I'm very happy with the ride count format.


----------



## AshyLarry81 (Mar 2, 2015)

I wish I could say the same. I live in an area of my city where I'm not getting a ton of requests. That part of town is a good 35 minutes away. Not worth going all the way out there and I don't have the patience to sit in my car for hours and hours at a time everyday. Even if it means I make less money, I'd much rather take requests from home. That's why I don't particularly care for the new PDB system.


----------



## BostonBarry (Aug 31, 2015)

I live 30 minutes from Boston. This is work. Some people commute 1.5 hours to sit in a cubicle all day with no freedom of movement/activity. I'll take this over that any day.


----------



## Djc (Jan 6, 2016)

New PDB is great I will hit 10% every week in my city and sometimes 20% depending on lyft vs uber skew of rides given all part time at 30 hrs a wk. Before I hit 10% PDB twice only and hitting 20% was impossible. If lyft showed primetime rate on ping I would prob have 90% of my rides on lyft but I'd rather have guaranteed 1.8x plus on uber when busy than gamble on lyft too many times the prime time was only 25% or sometimes none at all.


----------



## Jack Pavlov (Nov 7, 2015)

It's 80 rides in Bay Area and very doable in less than 50 hours. I make an extra 150-200$ in conpleting bonuses. A 35 hour workweek earns me between 800-1000


----------



## grayspinner (Sep 8, 2015)

I'm finding the # of rides to be very doable in my market too. I wish they would put a few peak hours in the evenings during the week though. This is a big University area & the college kids go out on Tuesdays & Thursdays just like the weekends. The only peak hours on weekdays are 7-9am, only Fri & Sat nights have peak hours.

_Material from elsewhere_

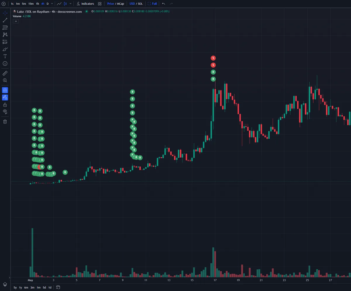 The largest single sale of LABZ occurred three days later on May 19, when the token’s price, though past its peak, was still high. An unidentified whale dumped over $70,000 worth of tokens, making a profit of about $68,000 after buying LABZ on the day of the token launch.
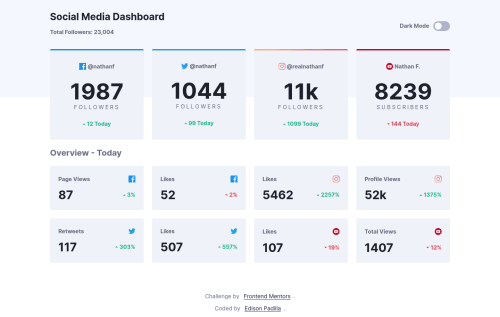 Submitted about 3 years agoA solution to the Social media dashboard with theme switcher challenge

I'm not sure if I can get enough peak hours if I only work nights & don't work both Fri & Sat. 

I'm disappointed by the 2011 vehicle requirements. My husband wants me to start driving his car in March (2011 Chrysler 200) instead of my 2008 Hyundai Elantra. I've got to run the numbers though & figure out the real cost per mile of the Chrysler first


----------